#### GOAL OF THE EXERCISE:
Would you return the listing exactly as written, apart from its pictures?

THE DATA Block Start

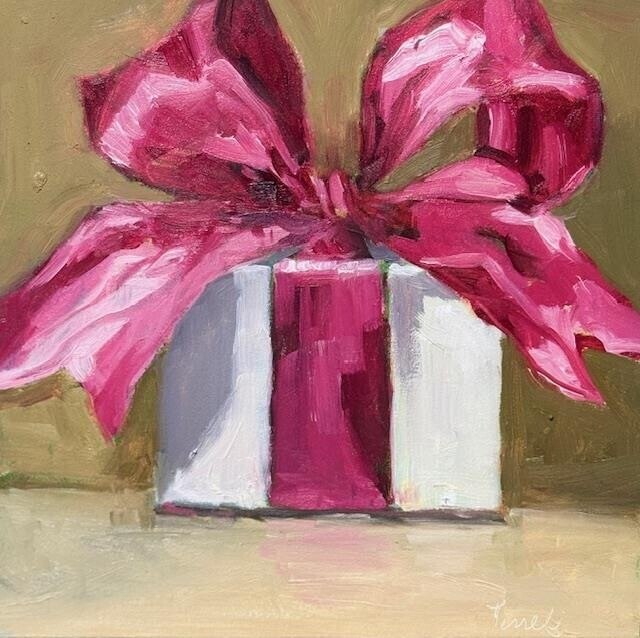 Kathleen Tirrell, Pink Bow, Oil, 6x6x1.4, $150, SOLD
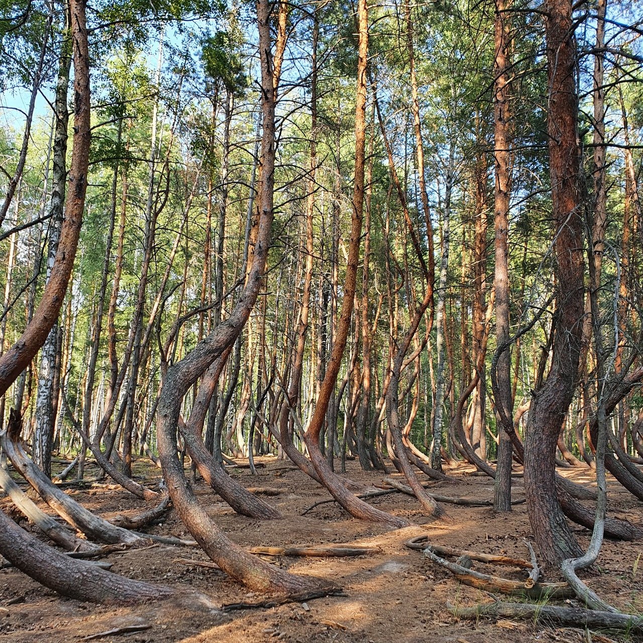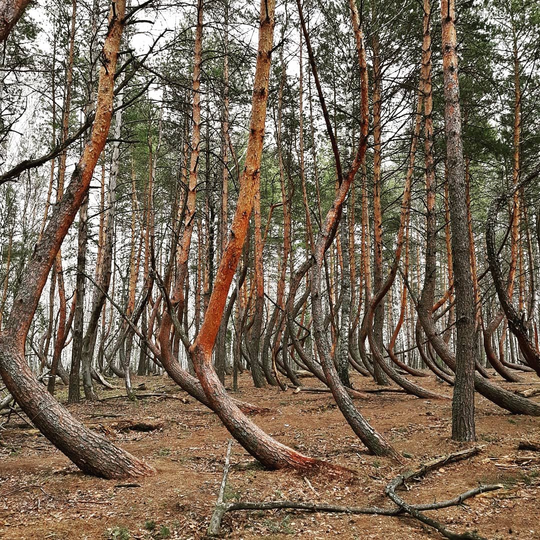 Пьяные леса также часто называют танцующими. Один из таких лесов находится в Калининградской области в России. Этот лес состоит из наклоненных и изогнутых сосен. Мнения ботаников о причинах возникновения в этом лесу искривления стволов сосен разнятся. Называют особенности геомагнитных полей, сильный ветер в разных направлениях, повреждение молодых сосен гусеницами бабочки побеговьюна зимующего. Гусеницы повреждают сосновые побеги, поедая развивающиеся верхушечные и, в меньшей степени, боковые почки. После уничтожения верхушечной почки происходит дальнейший рост дерева за счет боковой почки в качестве основной. Вследствие этого при дальнейшем росте происходит деформация ствола, и дерево приобретает необычную форму. Некоторые люди связывает необычный рост деревьев с мистикой и утверждают, что в пьяном лесу особая энергетика. Какая бы ни была причина, пьяные или танцующие леса привлекают туристов, поэтому природоохранным организациям приходится прилагать огромные усилия, чтобы деревья не были уничтожены.
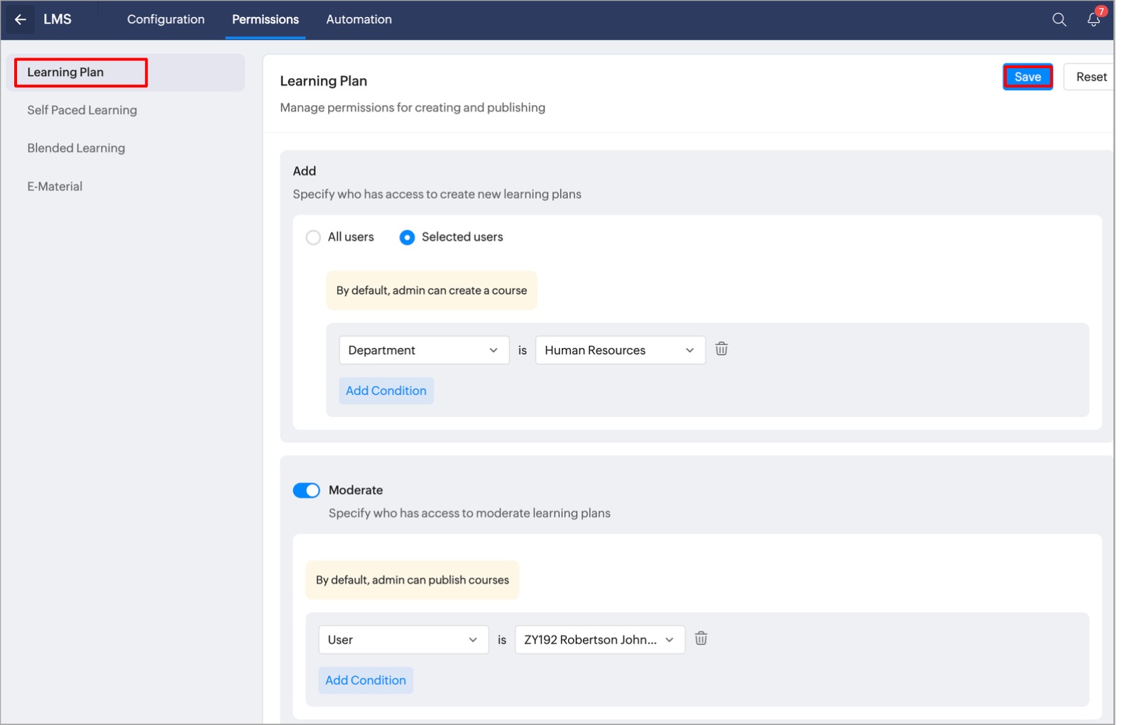 [権限]では、コースと学習計画の管理に必要な権限を一元管理できます。学習計画や個人学習の作成、共有、承認に関する権限を設定することが可能です。

THE DATA Block End

#### EXERCISE ANSWER:
 Kathleen Tirrell, Pink Bow, Oil, 6x6x1.4, $150, SOLD
 Пьяные леса также часто называют танцующими. Один из таких лесов находится в Калининградской области в России. Этот лес состоит из наклоненных и изогнутых сосен. Мнения ботаников о причинах возникновения в этом лесу искривления стволов сосен разнятся. Называют особенности геомагнитных полей, сильный ветер в разных направлениях, повреждение молодых сосен гусеницами бабочки побеговьюна зимующего. Гусеницы повреждают сосновые побеги, поедая развивающиеся верхушечные и, в меньшей степени, боковые почки. После уничтожения верхушечной почки происходит дальнейший рост дерева за счет боковой почки в качестве основной. Вследствие этого при дальнейшем росте происходит деформация ствола, и дерево приобретает необычную форму. Некоторые люди связывает необычный рост деревьев с мистикой и утверждают, что в пьяном лесу особая энергетика. Какая бы ни была причина, пьяные или танцующие леса привлекают туристов, поэтому природоохранным организациям приходится прилагать огромные усилия, чтобы деревья не были уничтожены.
 [権限]では、コースと学習計画の管理に必要な権限を一元管理できます。学習計画や個人学習の作成、共有、承認に関する権限を設定することが可能です。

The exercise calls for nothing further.